The Functional QA team is composed of QA engineers that are delegated to different Groups of product teams (a Group typically includes 2 to 3 teams). While they belong to the QA team, they work on a daily basis with product managers and developers. They are responsible for helping the FTs integrate agile QA methodologies, processes and tools. They advocate for good quality at all stages. They bring an expertise in both manual and automated testing and lead the testing effort by example. They participate in team discussions to ensure topics like testability and risk assessment are not left aside when designing new features. Testing is not their most valuable activity; communicating is.

This separation makes the team very scalable as we don’t need to reinvent the wheel just because new people join.

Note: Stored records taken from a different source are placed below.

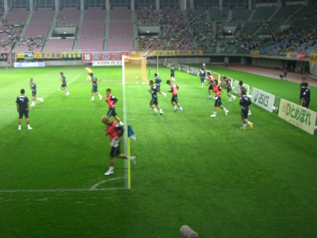 ピッチ確認の為にジュビロの選手たちが現れて、川口を発見した瞬間、一気にテンション上がりましたっっ
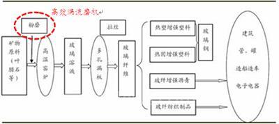 該企業(yè)生產(chǎn)玻璃纖維采用的是一次成型-池窯拉絲法,該工藝過(guò)程比較簡(jiǎn)單,其工藝流程圖如下所示:
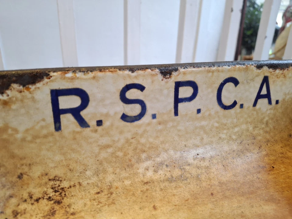 Antique Early 20th Century Cast Iron & Enamel RSPCA Water Trough/Dog Bowl.
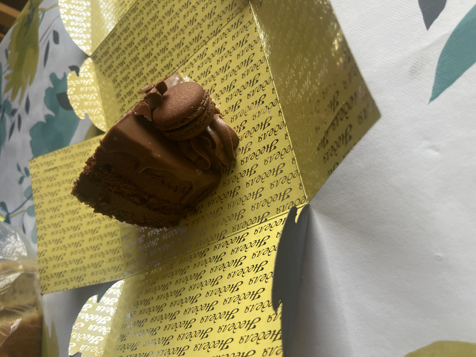 - "An individual slice of dark chocolate cake is presented within an open, yellow, foil-lined cardboard box" by FM-jg3Hf2, licensed under CC BY 4.0
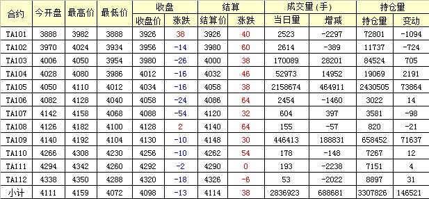 主力TA105合約當日交易走勢
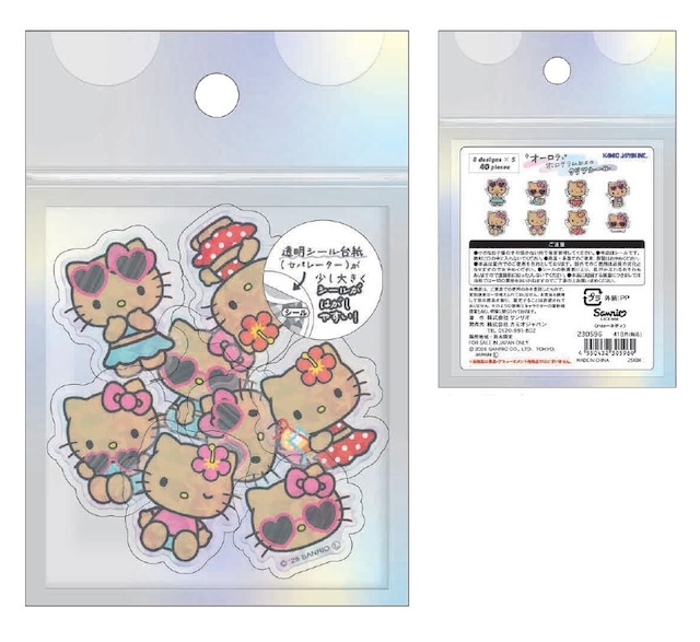 ハローキティ オーロラホログラムクリアフレークシール kmo_230596 Flake seal 日焼け クリアシール ホログラムシール KAMIOJAPAN カミオジャパン かわいいシール おすすめシール
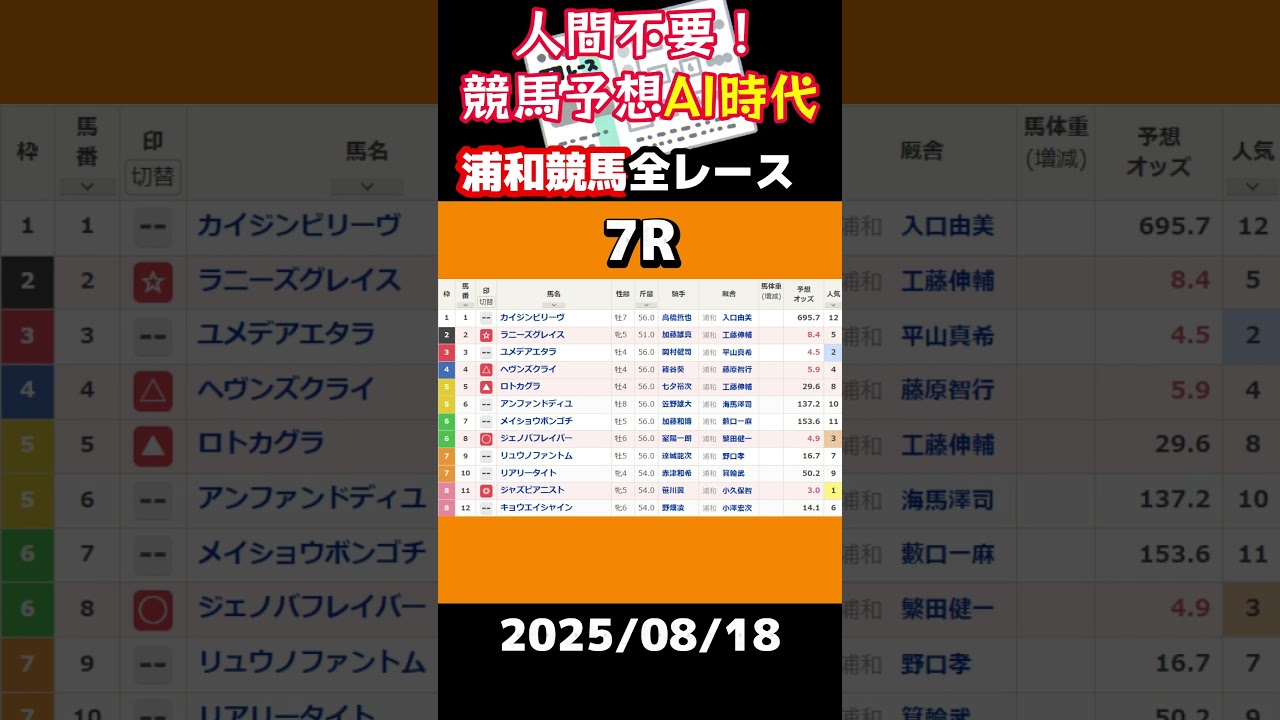 【AI競馬革命】もう人間予想は過去の遺物!勝つのはAIの時代だ【浦和競馬08/18(月)】#競馬予想 #浦和競馬 #地方競馬予想
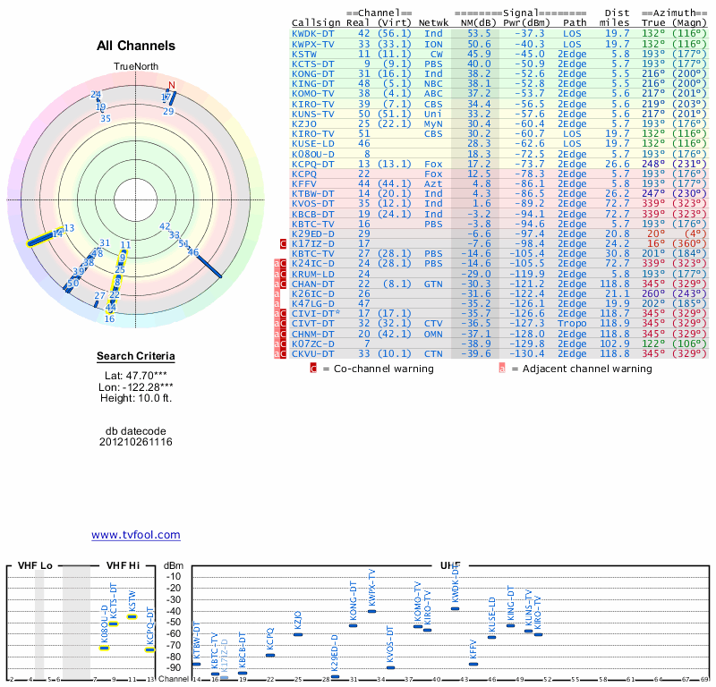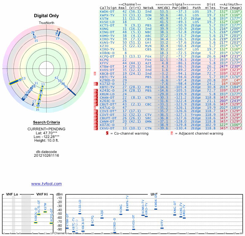 Here are the results for your location. The transmitter database was last updated on June 7, 2013. For more information about these plots and how to interpret them, please check out the Signal Analysis FAQ.

*Our QA team can grow at will, while keeping its core small*

Having all tools centralized makes it easier to improve by small iterations and close the feedback loop.

In the long run, the functional QA team tends to grow along with the rest of the tech organization. But we can absorb delays in recruitment by modulating the degree of involvement of each QA engineer in product teams, depending on various factors such as their level of maturity and the business risk of the features they are designing.

Step 3: Recruit QA profiles

So far we have been looking for two types of profiles:

Software Development engineers: this requires a software engineering background. These profiles usually are developers who became interested in QA at some point of their career. Their role is to build and maintain the technical foundations of the QA strategy. They select the right tools for our needs among those available on the market and the open source community. If no solution exists, they develop new tools. They listen to internal users’ feedback and improve accordingly. We constantly challenge our tooling and never hesitate to switch to totally different approaches.
Quality Assurance engineers: they are here to spread a QA spirit over the whole organization. Although they are part of the QA team, they spend most of their time within a product Group, meaning they are involved with up to 3 product teams. Among various other activities, they help PMs refine their user stories and write acceptance criteria following BDD techniques. They participate in automating test scenarios with developers. They help teams ensure the testability of features even before they start coding. They collect and enhance defect reports, reinjecting them in the teams’ process.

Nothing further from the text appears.